● **Task to complete**
Restate, exactly as written, the entries below from the line that holds "Sofie D’Hoore purple" through the line that holds "Доброе утро! Очень". Pictures are not part of the copy.

● **Study material**
..........

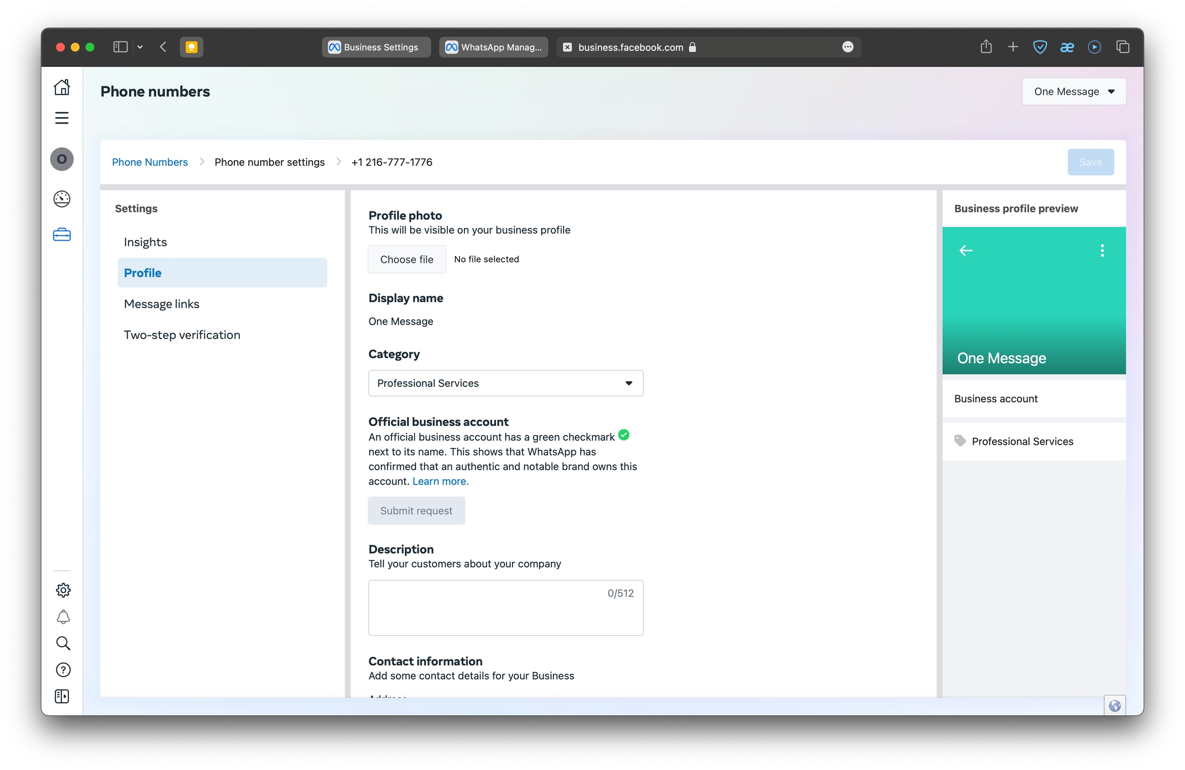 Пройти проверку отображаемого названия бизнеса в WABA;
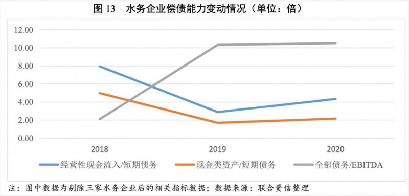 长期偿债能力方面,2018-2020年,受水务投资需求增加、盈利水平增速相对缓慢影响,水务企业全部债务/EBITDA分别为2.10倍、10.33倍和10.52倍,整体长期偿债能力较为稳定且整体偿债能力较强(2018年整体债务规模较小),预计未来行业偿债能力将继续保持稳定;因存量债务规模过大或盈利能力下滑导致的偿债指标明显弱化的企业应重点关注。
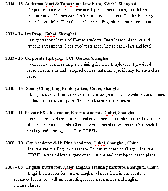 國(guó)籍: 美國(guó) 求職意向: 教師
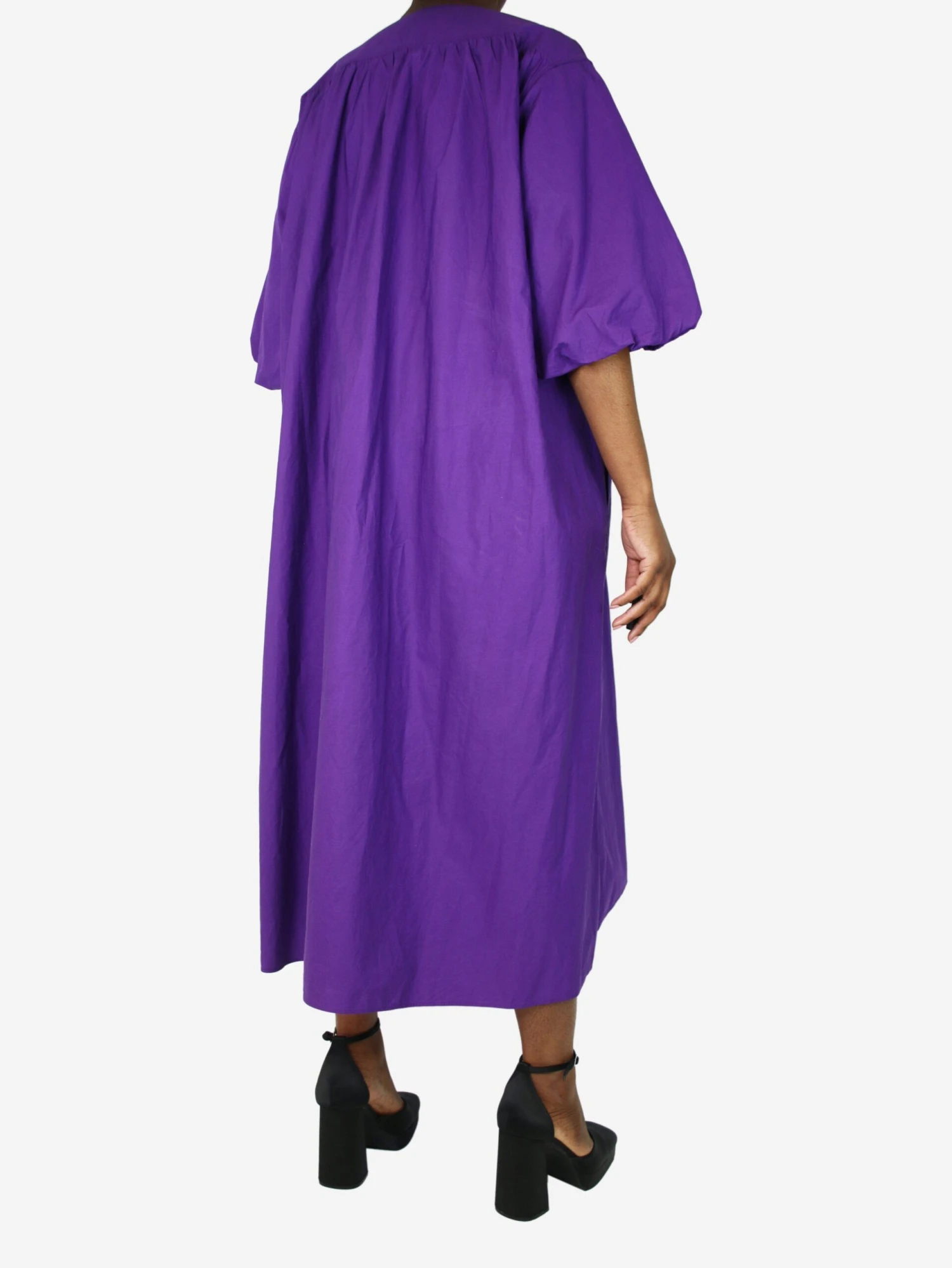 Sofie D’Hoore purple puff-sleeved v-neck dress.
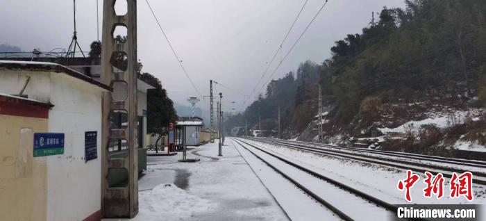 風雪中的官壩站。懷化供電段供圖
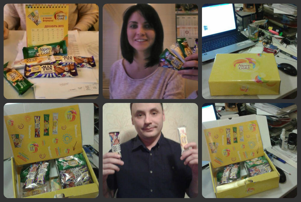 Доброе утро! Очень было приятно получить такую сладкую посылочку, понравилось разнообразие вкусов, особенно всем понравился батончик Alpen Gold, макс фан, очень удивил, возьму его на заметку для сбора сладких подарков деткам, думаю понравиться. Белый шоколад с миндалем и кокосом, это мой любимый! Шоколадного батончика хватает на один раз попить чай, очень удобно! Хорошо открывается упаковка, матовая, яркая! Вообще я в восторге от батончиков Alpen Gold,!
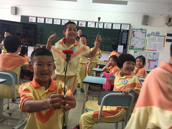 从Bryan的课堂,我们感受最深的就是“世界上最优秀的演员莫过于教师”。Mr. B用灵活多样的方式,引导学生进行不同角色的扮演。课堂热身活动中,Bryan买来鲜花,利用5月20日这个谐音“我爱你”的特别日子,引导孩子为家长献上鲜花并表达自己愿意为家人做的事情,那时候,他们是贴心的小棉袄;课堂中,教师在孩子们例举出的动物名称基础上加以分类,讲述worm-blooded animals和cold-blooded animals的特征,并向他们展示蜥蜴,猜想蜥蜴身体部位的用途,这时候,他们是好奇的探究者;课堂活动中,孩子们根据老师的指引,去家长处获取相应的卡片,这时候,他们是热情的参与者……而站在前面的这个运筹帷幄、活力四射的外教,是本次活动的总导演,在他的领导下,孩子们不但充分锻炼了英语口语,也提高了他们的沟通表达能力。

..........

● **Solution to this exercise**
 Sofie D’Hoore purple puff-sleeved v-neck dress.
 風雪中的官壩站。懷化供電段供圖
 Доброе утро! Очень было приятно получить такую сладкую посылочку, понравилось разнообразие вкусов, особенно всем понравился батончик Alpen Gold, макс фан, очень удивил, возьму его на заметку для сбора сладких подарков деткам, думаю понравиться. Белый шоколад с миндалем и кокосом, это мой любимый! Шоколадного батончика хватает на один раз попить чай, очень удобно! Хорошо открывается упаковка, матовая, яркая! Вообще я в восторге от батончиков Alpen Gold,!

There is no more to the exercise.